The bad guys are creating bad domains and subdomains faster than ever, and hosting providers aren’t taking down malicious content at dangerous domains fast enough. When providers are slow to respond, malware and other exploits have more time to propagate and compromise more victims.
In the latest DNS Threat Index Report, Infoblox found that malicious website creation increased by 49 percent in the fourth quarter of 2015 compared to the same period the year before, and by 5 percent compared to the third quarter of 2015. The Infoblox DNS Threat Index tracks the creation of malicious DNS infrastructure by looking at the number of new domains registered, as well as the number of legitimate domains and hosts that have been hijacked over the quarter. The baseline score, 100, reflects the historical average over 2013 and 2014. The index for the fourth quarter of 2015 was 128.
The index for all of 2015 has been well above its historical average, as “organizations of all sizes and types continue to face unrelenting attacks,” Infoblox noted.
DNS sets a foundation for practically anything that happens on the Internet, as it translates IP addresses into easy-to-remember domain names. Criminals and other adversaries also rely on DNS, and they create new domains and subdomains to host exploit kits, craft phishing campaigns, and launch DDoS campaigns. Attackers and security teams play a game of cat-and-mouse, with the assailants dumping domains and moving to new ones as security tools identify and block malicious sites.

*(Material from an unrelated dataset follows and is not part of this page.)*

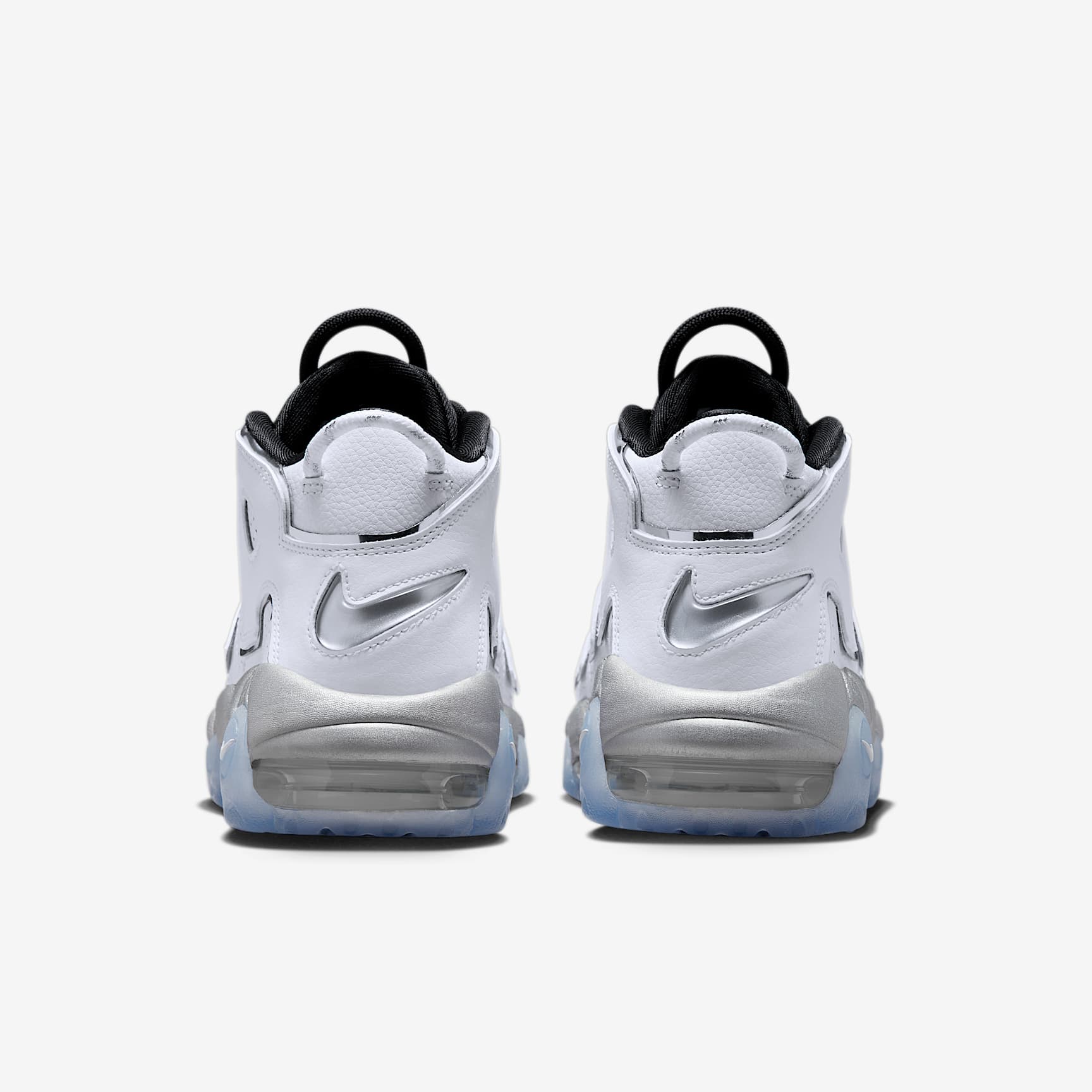 More than perhaps any other silhouette, the Air More Uptempo encapsulates '90s basketball flavour at its finest. Big and loud, the unapologetic design represents a hybrid of style and innovation that made major waves when it debuted—and still turns heads today. This crafted take keeps it subtle with a crisp white upper, set off by pops of Metallic Silver. The iconic AIR graphic comes outlined in metallic detailing for a little extra off-court flair. After all, "a little extra" is what these shoes do best. Benefits * Real and synthetic leather upper is durable and delivers a classic feel—just like the original. * Originally designed for performance hoops, Max Air units in the forefoot, midfoot and heel add cushioning you have to feel to believe. * 3 elastic straps over the tongue help keep these kicks in place, whether you rock them laced or unlaced. * Rubber sole gives you durable traction. Product Details * Not intended for use as Personal Protective Equipment (PPE) Nike Air The first of its kind, Nike Air technology absorbs impact for cushioning with every step. It's been built to help reduce the weight of the shoe without sacrificing performance, supporting both the athlete and the lifespan of the shoe.

Adversaries tend to follow a “planting and harvesting” cycle, where criminals alternate between creating DNS infrastructure and domains, then actually launching campaigns. During the planting phase, the threat index rises to reflect adversaries creating new domains and building the infrastructure to serve as a base for launching attacks. In the harvesting phase, the threat index falls because the attackers stop creating in order to utilize the extensive DNS infrastructure they’d built to target victims with exploit kits, phishing campaigns, and launch DDoS attacks.
Malicious website creation declined slightly in the third quarter of 2015 after reaching record levels in the second quarter of 2015. The fact that the DNS Threat Index dropped from the second-quarter high of 133 but surged back to 128 in the fourth quarter was surprising and breaks with the expected cycle.
“Our findings may indicate we’re entering a new phase of sustained and simultaneous plant/harvest activity,” said Rod Rasmussen, vice president of cyber security at Infoblox.
Infoblox found that the United States hosted 72 percent of newly observed malicious domains and related infrastructure, such as servers, storage, and networking equipment, used to launch attacks. While a significant number of cyber criminals are based out of hotspots in Eastern Europe, Southeast Asia, and Africa, the underlying infrastructure behind the attacks are most likely in the United States, followed by Germany.
Geographical information is not an indication of where the bad guys are since exploit kits and other malware can be developed in one country, sold in another, and used in a third to launch attacks through systems hosted in a fourth, Infoblox said in the report. “But it does suggest which countries tend to have either lax regulations or policing, or both.”
Criminals are as likely as any legitimate business to take advantage of the rich technology and services infrastructure that exists in these countries. However, it's then doubly hard for hosting providers and other service providers to harden the infrastructure against exploits without limiting the speed and responsiveness that legitimate businesses need. Even so, enterprises and hosting providers can limit privileged accounts and toughen passwords to make it harder for legitimate domains and subdomains to get hijacked for malicious purposes.
Defenders have to dismantle the infrastructure the criminals are using to host the domains. Hosting providers can be slow to respond to take down requests, which means exploits can propagate longer, attacks have more time to operate, and more victims are infected with malware.
“It would be a silver lining if U.S. hosting providers were quick to take down malicious content at dangerous domains once they’re identified, but they are not,” said Lars Harvey, vice president of security strategy at Infoblox.
At the very least, hosting providers in the United States should be able to promptly take down malicious domains once identified since they don’t face the same language barriers, cross-border jurisdiction issues, and policy differences that slow international takedown efforts.
“If there is an area of focus for improvement, this is it,” Infoblox said.